So, these are difficult skills to judge, that
if we're going to use them robustly to make big decisions,
we better be pretty confident of the quality of the judgments we're making.
>> Yeah.
>> And, we used to-- in my high
school teaching, we used to be satisfied with two teachers marking.
You mark your class and I mark your class, and vice versa.
And we used to mark our student essays out
of 20 marks and generally we had a rule of
thumb that said if we were within three marks of
each other out of 20, we just split the difference.
12:45
And, if we were within only one and a
half marks, we always took the higher of the two.
But if we were more than three marks apart than we would have
to argue why it was higher or lower than the other person suggested.
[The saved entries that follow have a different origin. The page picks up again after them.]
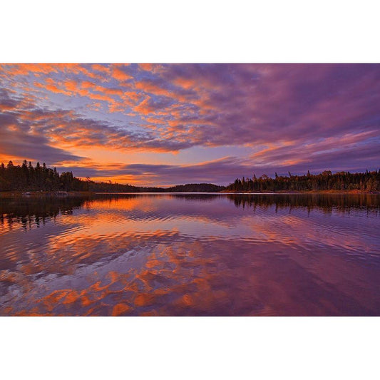 Canada-Ontario-Kenora District Forest autumn colors reflect on Middle Lake at sunrise Gold Ornate Wood Framed Art Print with Double Matting by Jaynes Gallery
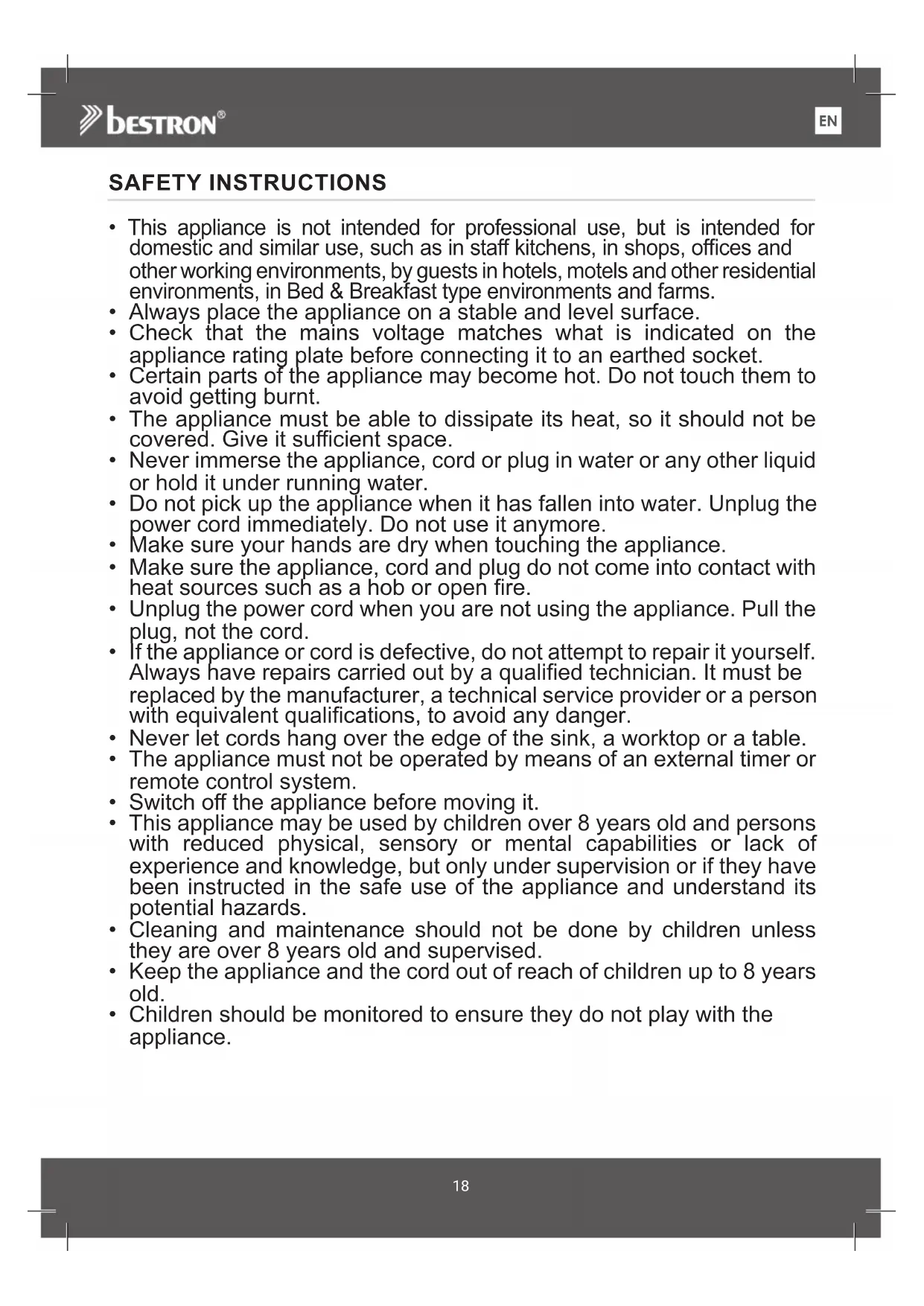 - Your municipality can tell you where to nd the designated waste collection point in your neighbourhood. SERVICE In the unlikely event of a malfunction, please contact Bestron customer service: www.bestron.com/service Technical Specifications Model AMN100CO Mains 230V~ Frequency (Hz) 50 Safety Class 1 Power (Watt) Input power 1150W Output power 700W Noise (dB(A)) - Max. Capacity ca. 20L Maximum continuous operating time (KB) - Dimensions (H x B x D) (cm) 45 x 35 x 26 Cable length (cm) 8521
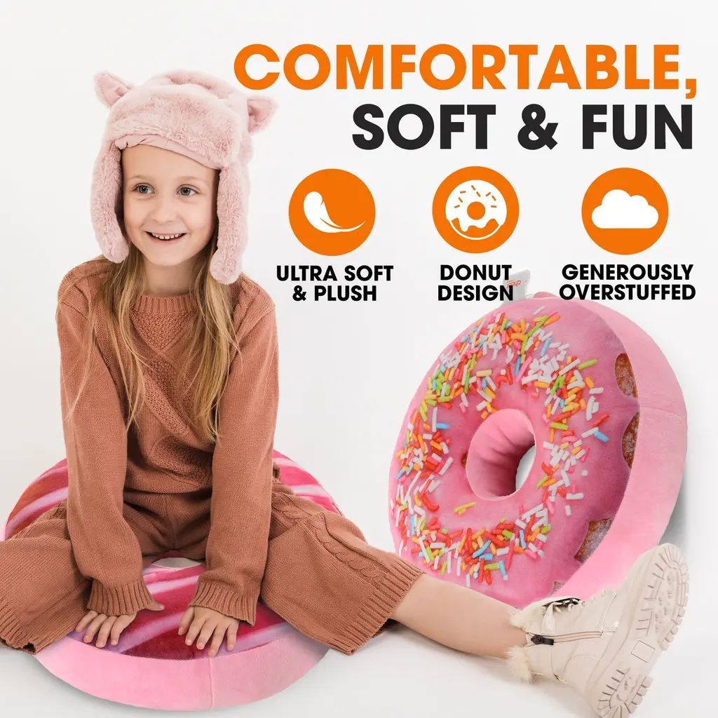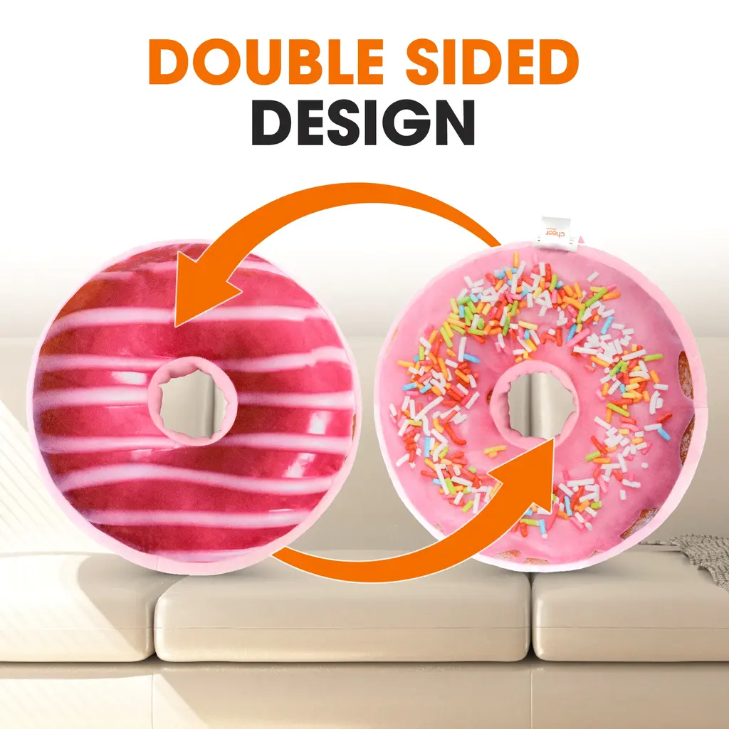 Cheer Collection Reversible Plush Donut Throw Pillow - Pink Glaze / Rainbow Sprinkles
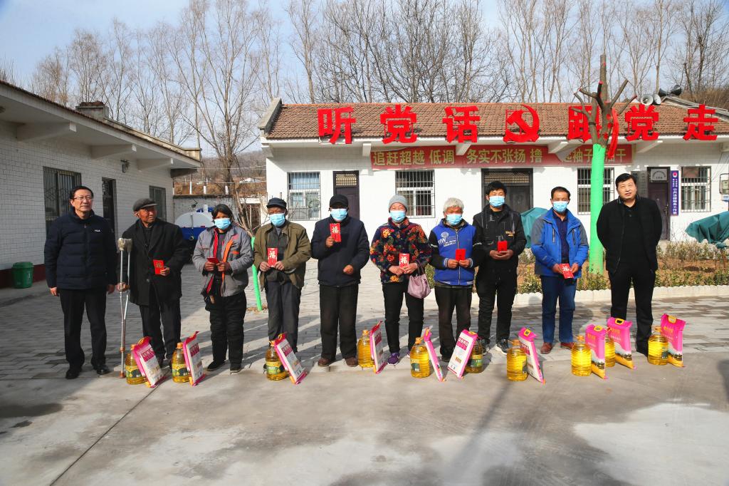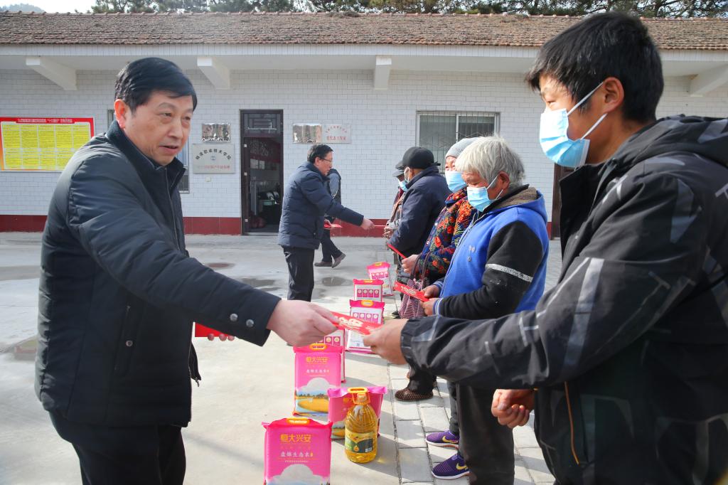 在高码头村和紫石崖村,任得元、祝战斌将米油等慰问品和慰问金一一送到20个低保户和老党员手中,祝他们春节快乐、身体健康。
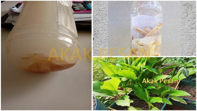Saya nak tunjukkan apa yang saya gunakan untuk pokok kunyit, pokok serai dan pokok pandan supaya gemuk sihat dan tahan daripada penyakit.
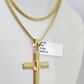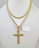 10k Gold Solid Miami Cuban Necklace Jesus Cross Pendant 2.5mm 18-24" Chain Set
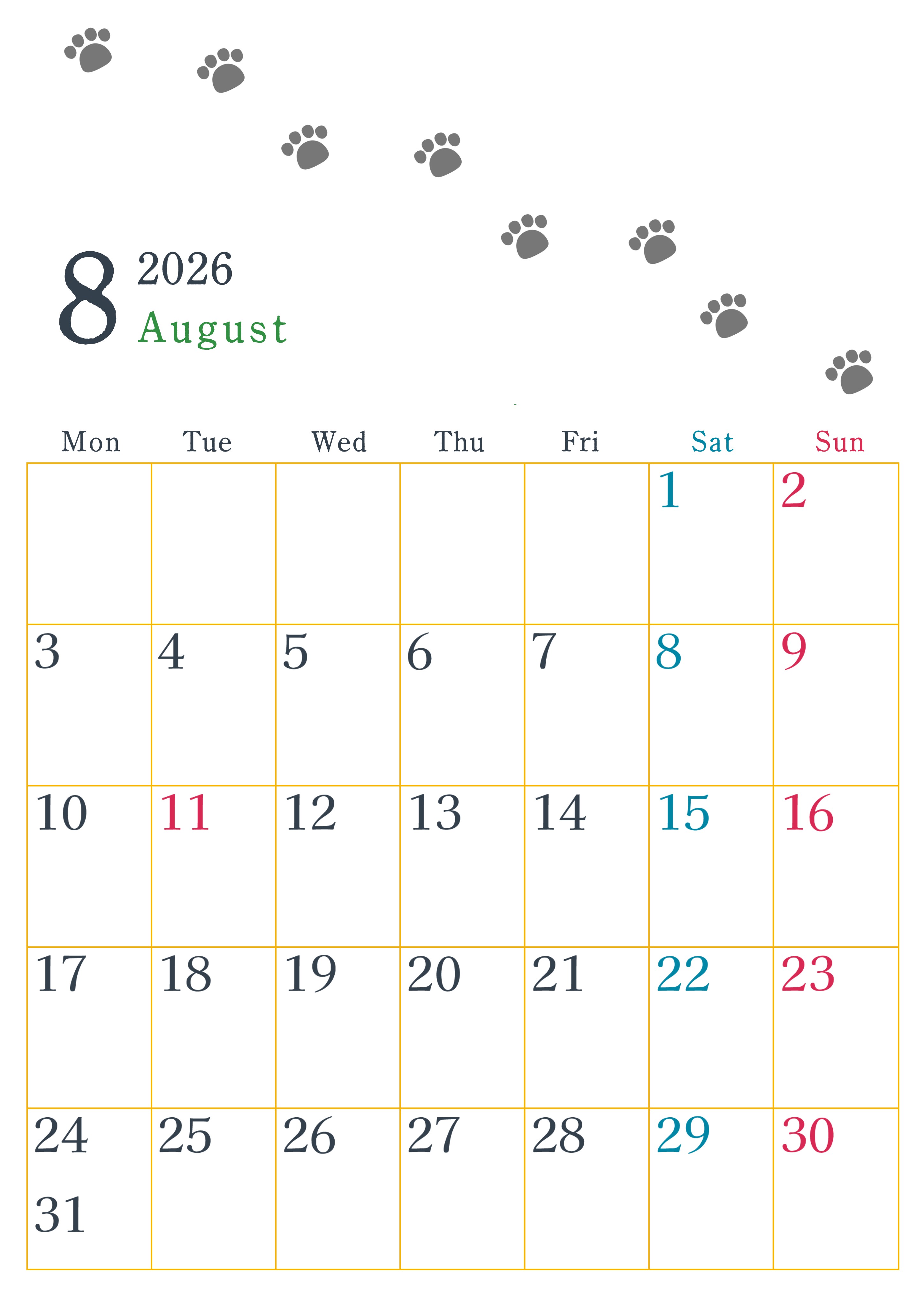 2026年・無料のカレンダーテンプレート 2026年8月カレンダーは縦型月曜始まりで猫が自由気ままに歩き回った足あとがかわいい♪ダウンロード無料♪(2026-01260811) 素材状デザイン王 2025年4月9日 2026年8月カレンダーは縦型月曜始まりで猫が自由気ままに歩き回った足あとがかわいいイラストつきです。ダウンロードは無料でできるので気軽にご利用ください。(2026-01260811) かわいい 8月 猫 縦型のカレンダー 月曜始まり カレンダーデザイン-0126
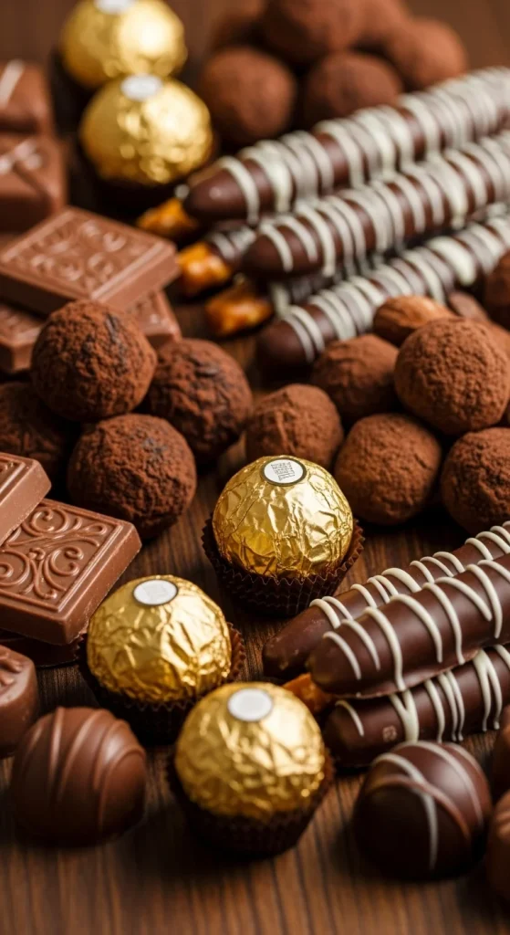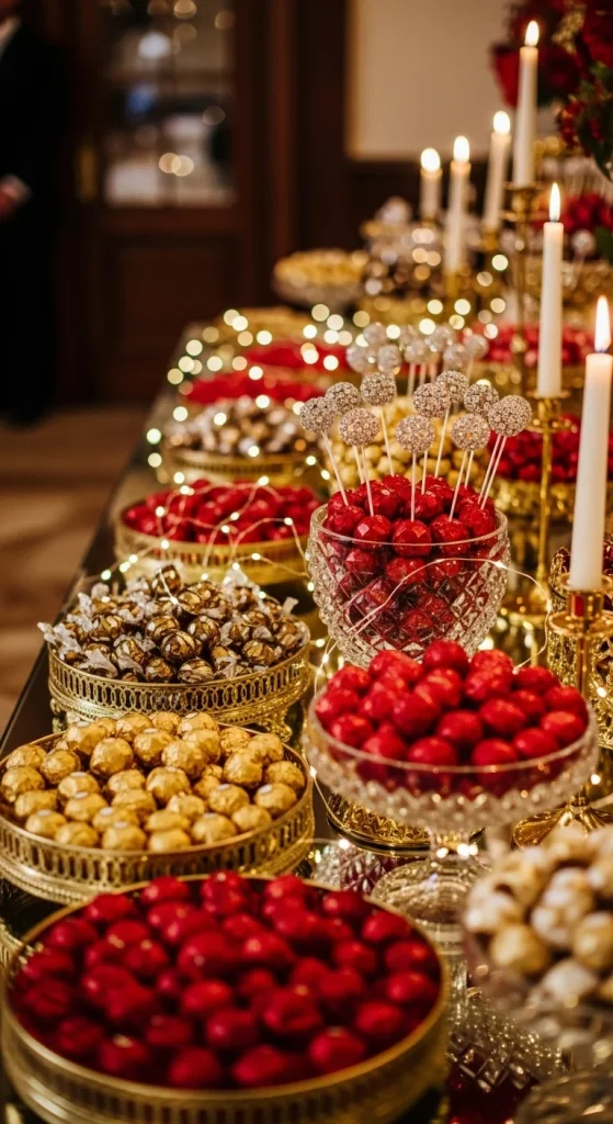 A chocolate-themed buffet always impresses. Set out truffles, chocolate-covered nuts, dipped pretzels, and small chocolate bars. Use gold or brown accents for a warm touch. To save money, mix premium chocolates with budget-friendly bulk varieties. Add a DIY touch by making your own chocolate bark with nuts or cranberries.
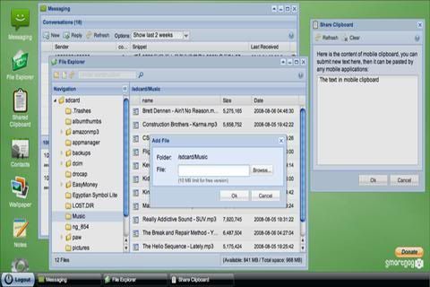 The best web desktop for Android phone, it provides the easiest way to remote manage & control your phone in web browser, totally support all 3G/WiFi/USB connections.

And we would compromise after listening to the insights the other marker had
and we found that in general because
13:20
usually we were only discrepant on 25%.
Now, 25%, is still a lot of work to go over and debate
and you can get really passionate about it - "No
way is this anything higher than a bare pass",
and the other person thinks it's an amazing piece of work, and you go "No, no, no, no.
It hasn't done this, hasn't done this", but
she's going "It's done this, it's done this."
And this is the wonderful debate where we learn what to
value and how to value it and how to identify it.
14:00
>> You know, you go to a physician
and he says, "How long have you been in practice?"
You know, "Wait a minute, I don't want you to practice on me.
I want you to be good."
And then teachers are still in practice in a sense,
and that's a sensible position to take.
We're in practice.
That means, I'm better this year than I was last year and I'll
probably be better in two years than I am now, if I keep
paying attention professionally to what I'm doing.
>> Yeah, that's not really reassuring for me being in your class, however.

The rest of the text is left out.